By Thomas Pietsch, Global Head of Scientific Data Technology and AI, Parexel International
Between 2016 and 2020, the FDA’s Center for Drug Evaluation and Research (CDER) received only a handful of submissions that included artificial intelligence (AI) or machine learning (ML) — just one submission in 2016, and fourteen in 2020. But in 2021, the number of AI-inclusive submissions swelled to 132 [1].
Of course, as the FDA itself reports, this almost certainly underestimates the true number of applications of AI in the life sciences sector, since the uses extend far beyond the submissions of NDAs and BLAs. And this remarkable leap happened about one year before the emergence of ChatGPT, which is further accelerating the era of generative AI.
Increasing awareness of AI
AI is not a new technology. Its origins probably lie in the 1950s and since then there has been growing interest in AI innovation. Within life sciences, we’ve seen it used quite extensively in target discovery, lead optimization and the development of companion diagnostics.

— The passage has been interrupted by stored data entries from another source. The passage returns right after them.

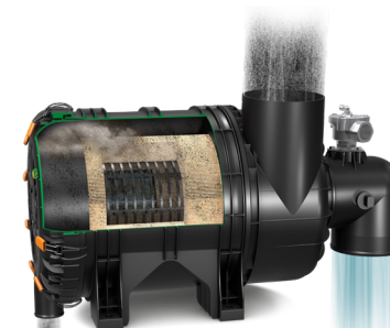
Scavenge operation extraction of separated dust resumption of dust loading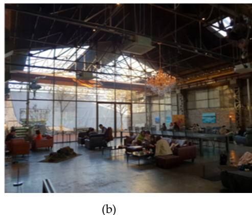
Figure 11. Appearance of Billy Works. (a) Exterior; (b) Interior.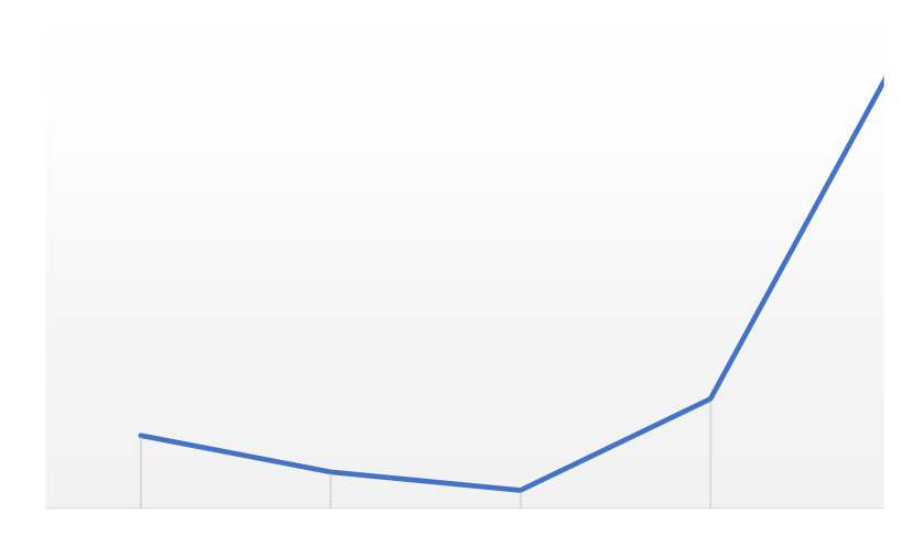
Fki wtg III Briefings to the Peacebuilding Commission by women peacebuilders since 2016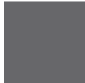
approx. RAL 7043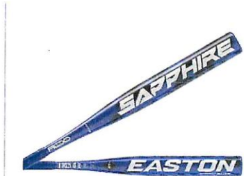
EASTON Easton Sapphire Fastpitch Bat (-12) 2025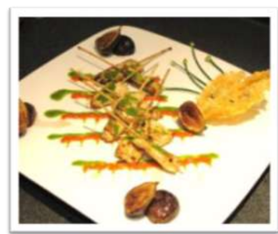
Teriyaki Chicken Skewers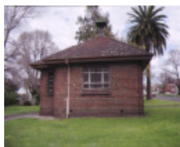
old men's shelter albert street east melbourne rear view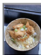
Tori ten don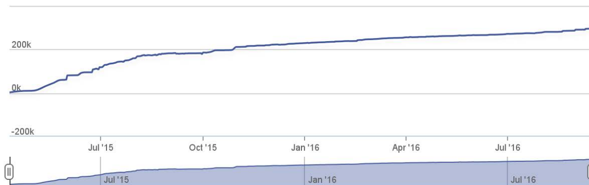
Figure 1 Burundian Refugees to Neighboring States since April 2015

Graduate Program in International Studies, Old Dominion University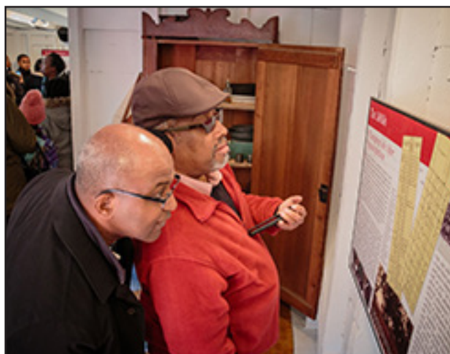
Figure 1. Family members inspecting new exhibit "Struggle for Freedom: African American Life at St. Mary's City in the 19th and 20th Century,"

The archaeological site of the duplex quarter and an associated single family quarter were explored by the museum as part of the examination of the site of the 17th century print-house. A technical report on the 17th century occupation can be found on the museum's web site as a free download ( https://hsmcdigshistory.org/research/publications/technical-reports/ ). The 19th and 20th century components on the site were the subject of Terry Brock's 2014 doctoral dis-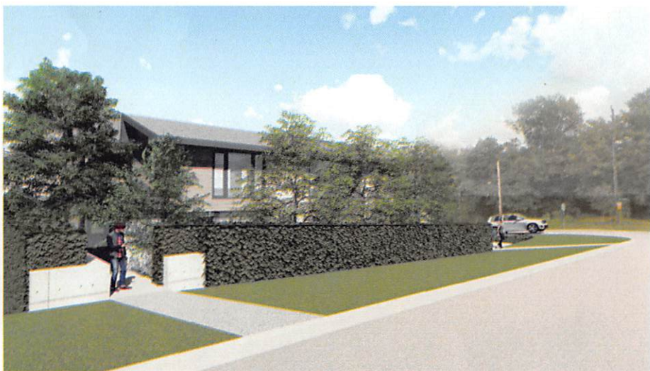
10 Street View 0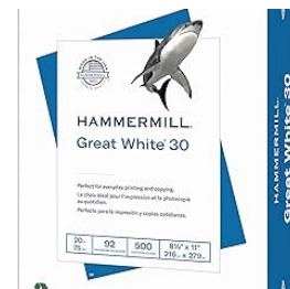
2 Reams of Copy Paper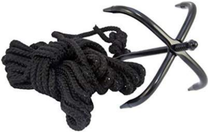
Military Style Grappling Hook Buy HERE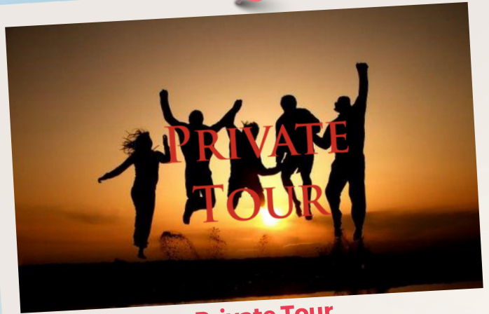
Private Tour 专属私人团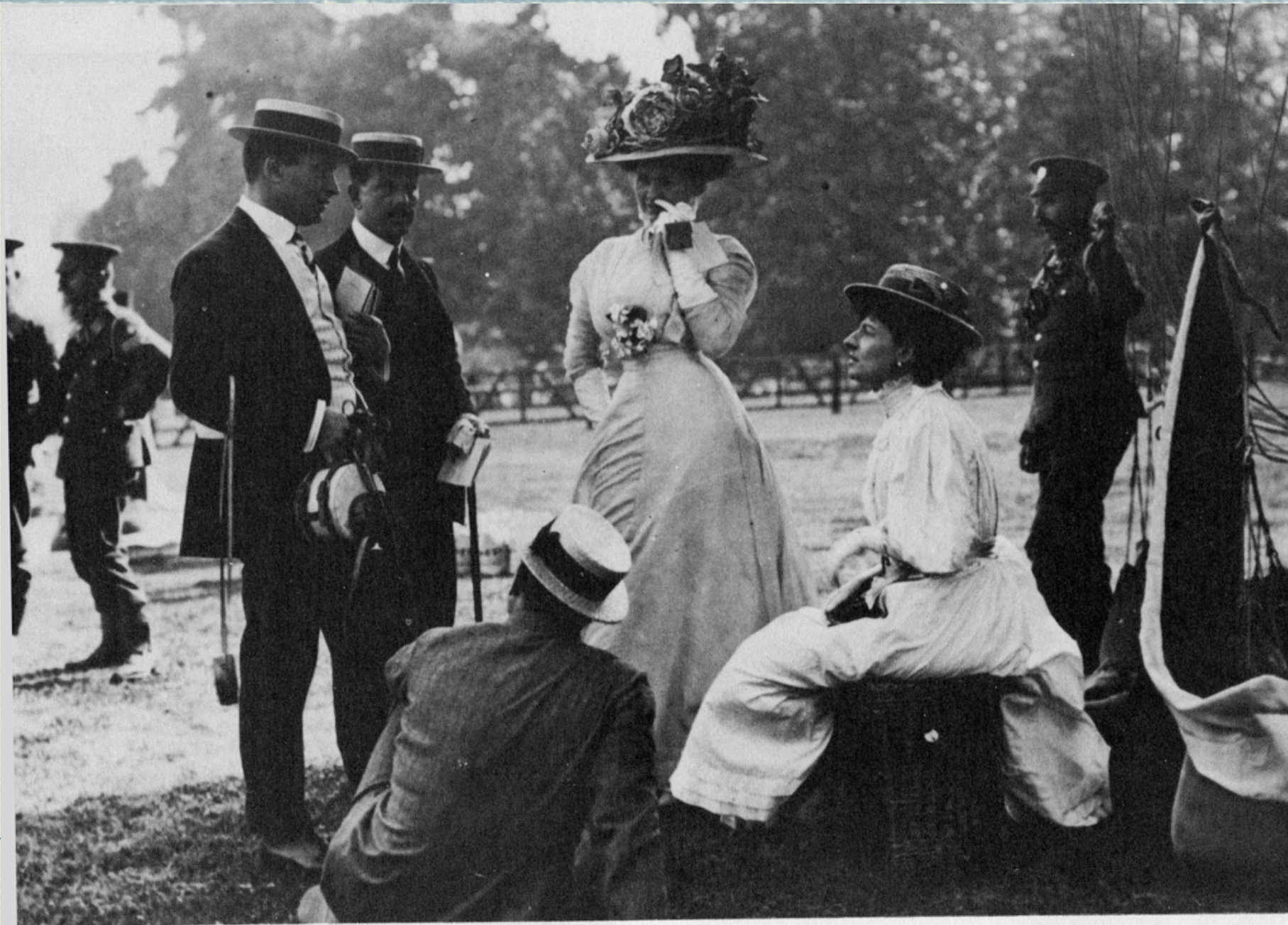
204 Balloon race at Ranelagh, 1908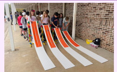
STEM students participate in STEM Day activities.

Creating a Spark for STEM Career Pathways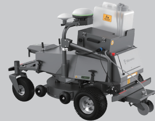
LM02 (Only Marking)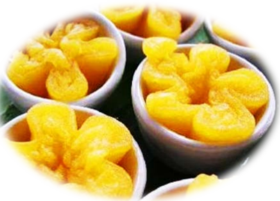
Fig. 5 Thong Yip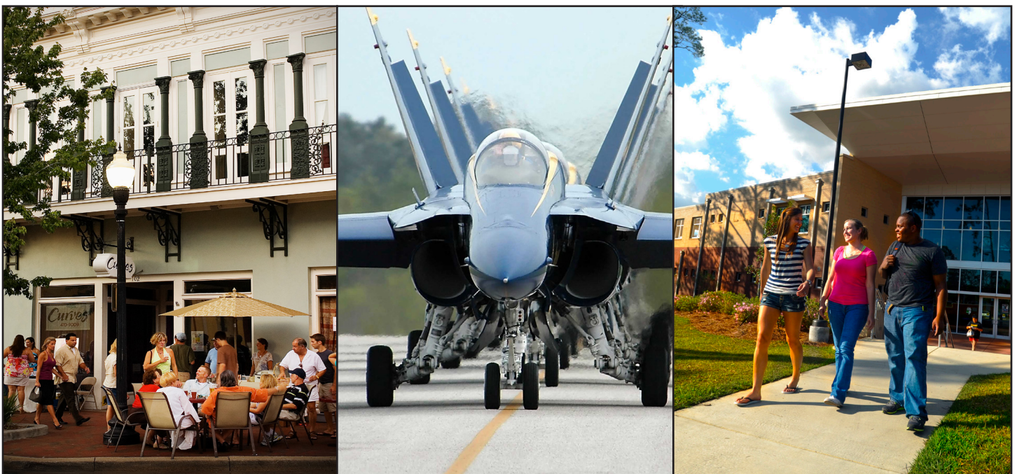
From left to right: Gallery Night on Palafox Street, the Blue Angels, students at the University of West Florida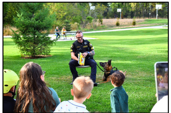
Sergeant and K-9 Storytime

The emergence of generative AI as an open, foundational technology has lowered the barrier to development of new applications that leverage readily accessible large language models (LLMs) as well as audio- and image-based models. This has caused a reset in thinking about how AI can be applied. It has also unquestionably raised the profile of AI among legislators, regulators and the general public.
What is AI?
AI includes several different but related elements. As the figure (below) shows, machine learning is a type of AI. Natural language processing (NLP), which is the ability of a computer to interpret text, may rely upon ML. Generative AI, as the name suggests, can process (i.e., interpret) text; but it can also create new text, allowing applications like ChatGPT to reply to user queries with human-like responses. Large language models are generative AI technologies that have been trained on massive amounts of text information, such as the entire publicly visible internet.
AI in clinical development
There’s still much to learn about how to get the best from LLMs, but it’s already evident that they can be especially useful to drug developers in three broad areas.
Search-and-retrieve.
By leveraging proprietary information and data, AI can help businesses quickly provide their staff with the contextualized information they need to perform their roles. For instance, a suitably engineered app can answer questions about business processes by retrieving the details of a standard operating procedure (SOP) document or process map. The ability of the technology to “chat” with users also allows them to ask follow-up questions, which the technology will recognize as part of a continuing dialogue.
Content generation.
LLMs are perhaps best known for this capability and can provide users with good first drafts of original content by transforming existing text. For instance, medical writers may ask an LLM to change the tense of a section from a clinical study protocol, making it more suitable for inclusion in a clinical study report. While this computer-generated text will need review and editing, the opportunities for timesaving and avoidance of cut-and-paste errors are clear. LLMs can also offer style transformation, recreating a document in a new tone or authorial voice to make it more conversational, for example.
Workflow automation.
By embedding LLM technology in workflows, users have the potential to significantly speed up important, high-volume tasks. For example, while it isn’t new to use AI tools for safety and pharmacovigilance (PV) case processing, LLMs can further enhance this process. Likewise, AI can support PV literature reviews and expectedness processing, helping reviewers to better categorize adverse events. With access to the right data, LLMs can also support study feasibility assessment by shortlisting sites and investigators based on experience, capabilities and performance history.
References
[1] Liu et al
Landscape analysis of the application of artificial intelligence and machine learning in regulatory submissions for drug development from 2016 to 2021.
Clinical Pharmacology and Therapeutics: Vol 113 (4); April 2023.